Hello,
The survival plot based on Best separation
of high and low expression samples of GPAM
with Expression cutoff
23.6 FPKM looks like below (This plot is from Human Protein Atlas database)
Survival Plot between high and low samples of GPAM Expression
I took the GPAM FPKM data given in the above database and merged with Clinical data. Everything is stored in a dataframe df
head(df)
times bcr_patient_barcode patient.vital_status FPKM
1 724 TCGA-2Y-A9GS 1 30.3
2 1624 TCGA-2Y-A9GT 1 5.6
3 1569 TCGA-2Y-A9GU 0 26.6
4 2532 TCGA-2Y-A9GV 1 18.4
5 1271 TCGA-2Y-A9GW 1 4.7
6 2442 TCGA-2Y-A9GX 0 19.4
I used survminer
package for the cutpoint to divide low and high expression samples.
library(survminer)
surv_rnaseq.cut <- surv_cutpoint(
df,
time = "times",
event = "patient.vital_status",
variables = c("FPKM")
)
summary(surv_rnaseq.cut)
cutpoint statistic
GPAM_FPKM 23.6 2.834408
Then catogarization is done.
surv_rnaseq.cat <- surv_categorize(surv_rnaseq.cut)
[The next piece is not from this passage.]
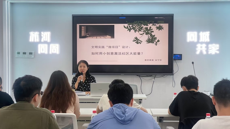 9月19日上午,2025年“宁馨家园·时代好声音”时事讲读进社区活动在长宁区周家桥街道党群服务中心举办。新民晚报时政中心主编、高级记者宋宁华作主题为《文明实践“微项目”设计:如何用小创意激活社区大能量?》的报告。
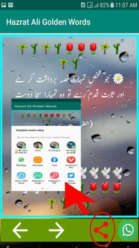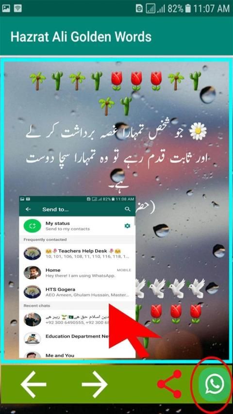 In this app you can share status in Whtsapp Group and make a status with beatiful golden words hazrat ali R.A in urdu text...with outstanding emoji ....

Then to plot the data I did like below:
library(survival)
library(RTCGA)
fit <- survfit(Surv(times, patient.vital_status) ~ FPKM,
data = surv_rnaseq.cat)
pdf("Survival_high_vs_low.pdf", width = 10, height = 10)
ggsurvplot(
fit, # survfit object with calculated statistics.
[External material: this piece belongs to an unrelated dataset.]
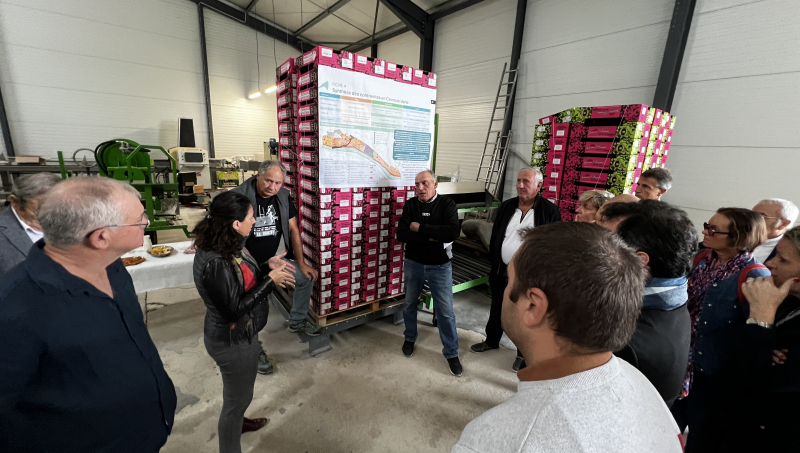 Aux côtés de Julie Vié, il accueille la visite organisée par la FDSEA de Vaucluse, mardi 17 octobre. Avec Jean-François Cartoux, qui représentait la présidente de la Chambre d'agriculture, il explique les caractéristiques de l'agriculture en Avignon, si particulière et pourtant malmenée au fil des ans. Dans le hangar qui jouxte sa serre de trois hectares, érigée en 2015, ils sont nombreux à l'écouter : Cécile Helle, maire de la ville, Pierre-Roger Gontard, son adjoint délégué au développement territorial et urbain, Sylvain Bernard, secrétaire général de la FDSEA 84, François Gorieux, directeur départemental des territoires, et Mathilde Revol pour les Jeunes agriculteurs...

risk.table = TRUE, # show risk table.
pval = TRUE, # show p-value of log-rank test.
conf.int = TRUE, # show confidence intervals for
# point estimaes of survival curves.
xlim = c(0,3000), # present narrower X axis, but not affect
# survival estimates.
break.x.by = 1000, # break X axis in time intervals by 500.
break.y.by = 0.1,
ggtheme = theme_RTCGA(), # customize plot and risk table with a theme.
risk.table.y.text.col = T, # colour risk table text annotations.
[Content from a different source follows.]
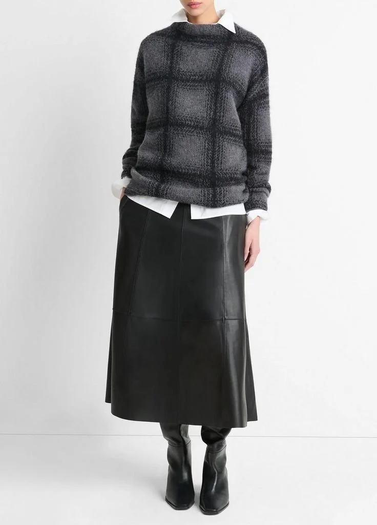 Remember to be thoughtful about what silouettes flatter your shape AND where you gain and loose weight. Then, opt for a stretchy choice that will fit as your weight goes up and down. I love this choice from Marcella NYC (another amazing resource for clothing). A-line skirts are super flattering for most body types and this asymmetrical neckline draws the eye up. Plus the waist ruching is flattering for nearly every body type (except the Diamond shape).

risk.table.y.text = FALSE # show bars instead of names in text annotations
# in legend of risk table
)
dev.off()
The Survival plot I got looks like this Suvival plot with my analysis. Basically I used the same data which they used in Human Protein Atlas database. But the plot with my analysis look different compared to the plot in the database.
What could be the reason for this? Kaplan Meier statistics?
Any help is appreciated.
Yes, the trend looks same but in my plot I see after 2000 days there is down peak of high expression which I didn't observe in plot in HPA. I have used the same cutoff 23.6 which they have used. Don't know what is that small difference.
you have one sample less (247 instead of 248 for one group). Also: did you remove everything FPKM < 1?
Yes, I see that in my case I have one sample less. I guess it won't make much difference. In their analysis they removed Genes with FPKM < 1, In my case I'm looking at only single gene.